## Assignment
For this exercise, copy the records below exactly and exclude every image.

-.-.-

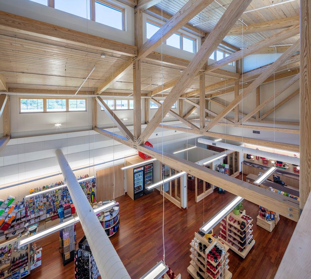 Pitched roofs framed with glue-laminated timber trusses form clerestories and dormers that flood the interior spaces with natural daylight. The building transitions to a terraced green roof with direct access from the second floor that provides essential visual interest for the office spaces on the second floor—a foreground view of the sedum roofscape and views of the athletic fields beyond.
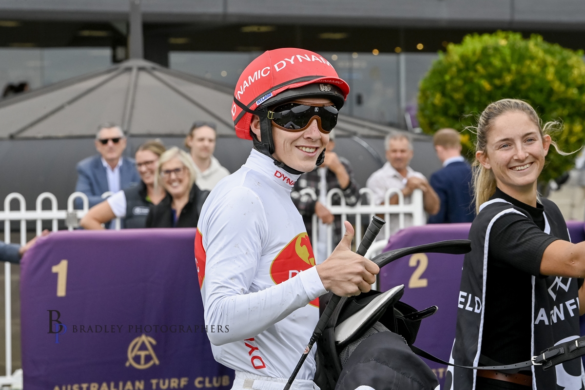 Zac Lloyd all smiles after his Dynamic Win extends his lead in the Jockey Premiership
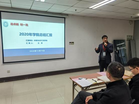 随后,学院主持工作副院长王勇代表学院班子从卓越指标完成情况、2020年工作亮点和2021年工作目标等方面做了工作汇报,展示了环化学院2020年在疫情防控、学科建设、科学研究、人才培养、社会服务和就业工作等各方面取得的优异成绩和学院进一步发展方向。
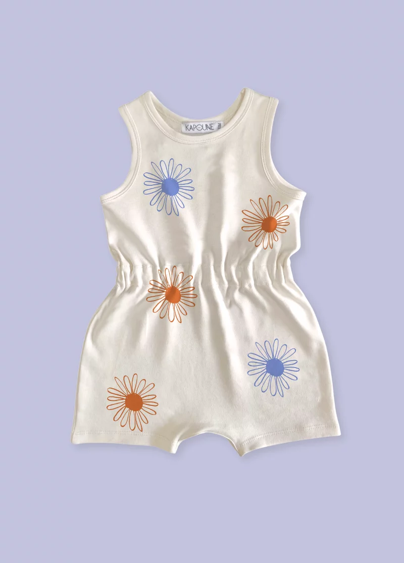 Découvrez la combishort FLOWERS de Kapoune, confectionnée avec soin à partir de coton biologique certifié. Parfaite pour les journées ensoleillées, cette combishort sans manches offre à votre bébé ou enfant un confort optimal tout en respectant l’environnement.
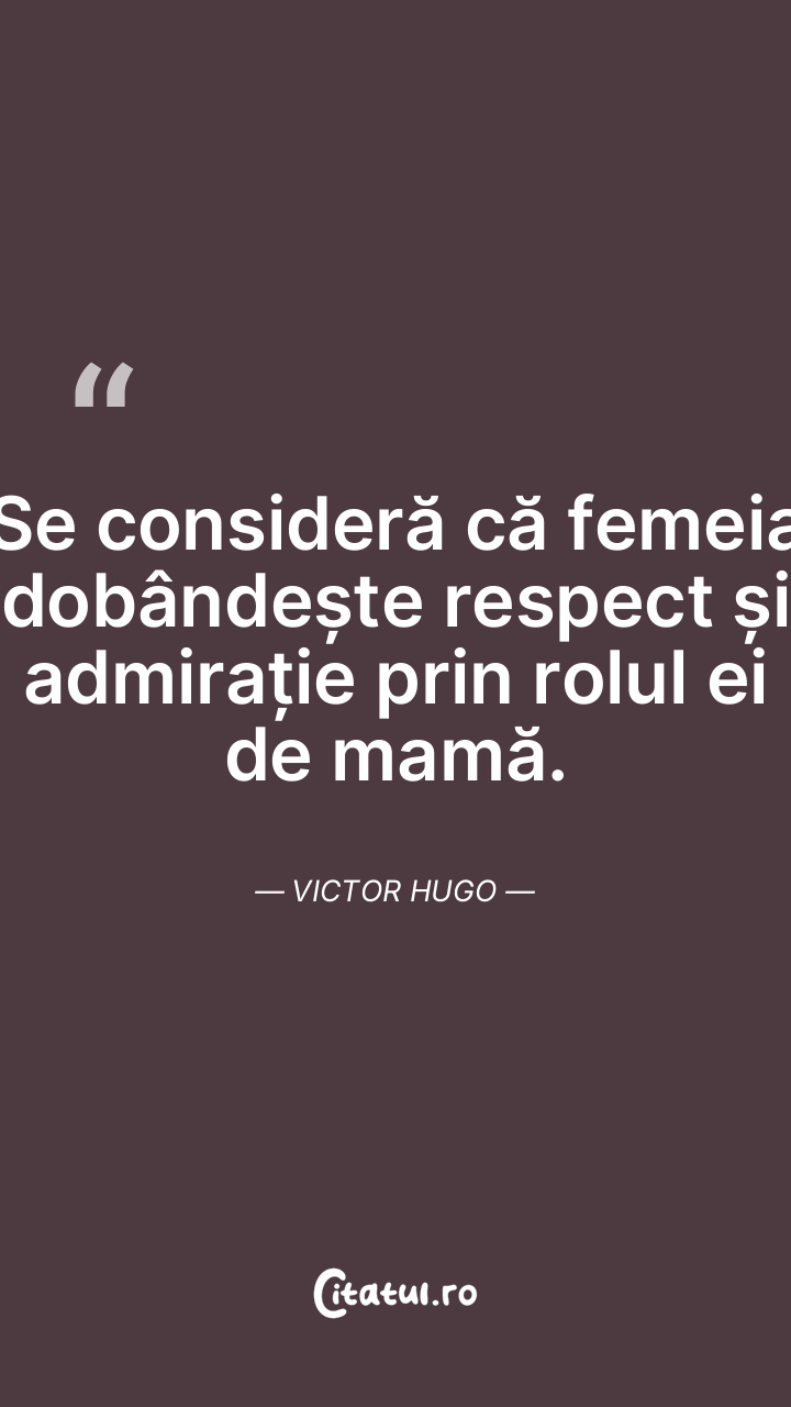 Se consideră că femeia dobândește respect și admirație prin rolul ei de mamă. Victor Hugo
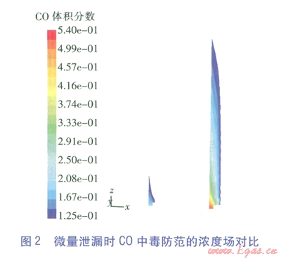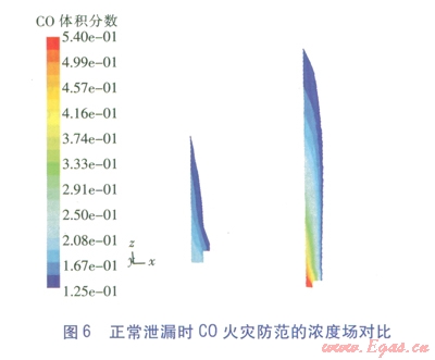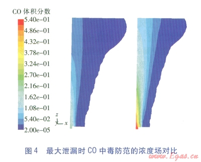 值得一提的是,火災(zāi)防范時(shí)只將爆炸極限列為危害區(qū)間,這符合不發(fā)生明火時(shí)的氣體冷態(tài)擴(kuò)散情況,但一旦發(fā)生燃燒,C0的濃度場(chǎng)將發(fā)生極大變化,還將產(chǎn)生對(duì)人員窒息的煙氣。FLUENT作為一款功能強(qiáng)大的軟件,也能模擬燃燒情況(俗稱熱態(tài)研究),但這將大大增加參數(shù)設(shè)定的復(fù)雜性和計(jì)算過(guò)程冗時(shí)性,這是工程計(jì)算力求避免的,但應(yīng)是理論研究的改進(jìn)方向。

-.-.-

## Output for this task
 Pitched roofs framed with glue-laminated timber trusses form clerestories and dormers that flood the interior spaces with natural daylight. The building transitions to a terraced green roof with direct access from the second floor that provides essential visual interest for the office spaces on the second floor—a foreground view of the sedum roofscape and views of the athletic fields beyond.
 Zac Lloyd all smiles after his Dynamic Win extends his lead in the Jockey Premiership
 随后,学院主持工作副院长王勇代表学院班子从卓越指标完成情况、2020年工作亮点和2021年工作目标等方面做了工作汇报,展示了环化学院2020年在疫情防控、学科建设、科学研究、人才培养、社会服务和就业工作等各方面取得的优异成绩和学院进一步发展方向。
 Découvrez la combishort FLOWERS de Kapoune, confectionnée avec soin à partir de coton biologique certifié. Parfaite pour les journées ensoleillées, cette combishort sans manches offre à votre bébé ou enfant un confort optimal tout en respectant l’environnement.
 Se consideră că femeia dobândește respect și admirație prin rolul ei de mamă. Victor Hugo
 值得一提的是,火災(zāi)防范時(shí)只將爆炸極限列為危害區(qū)間,這符合不發(fā)生明火時(shí)的氣體冷態(tài)擴(kuò)散情況,但一旦發(fā)生燃燒,C0的濃度場(chǎng)將發(fā)生極大變化,還將產(chǎn)生對(duì)人員窒息的煙氣。FLUENT作為一款功能強(qiáng)大的軟件,也能模擬燃燒情況(俗稱熱態(tài)研究),但這將大大增加參數(shù)設(shè)定的復(fù)雜性和計(jì)算過(guò)程冗時(shí)性,這是工程計(jì)算力求避免的,但應(yīng)是理論研究的改進(jìn)方向。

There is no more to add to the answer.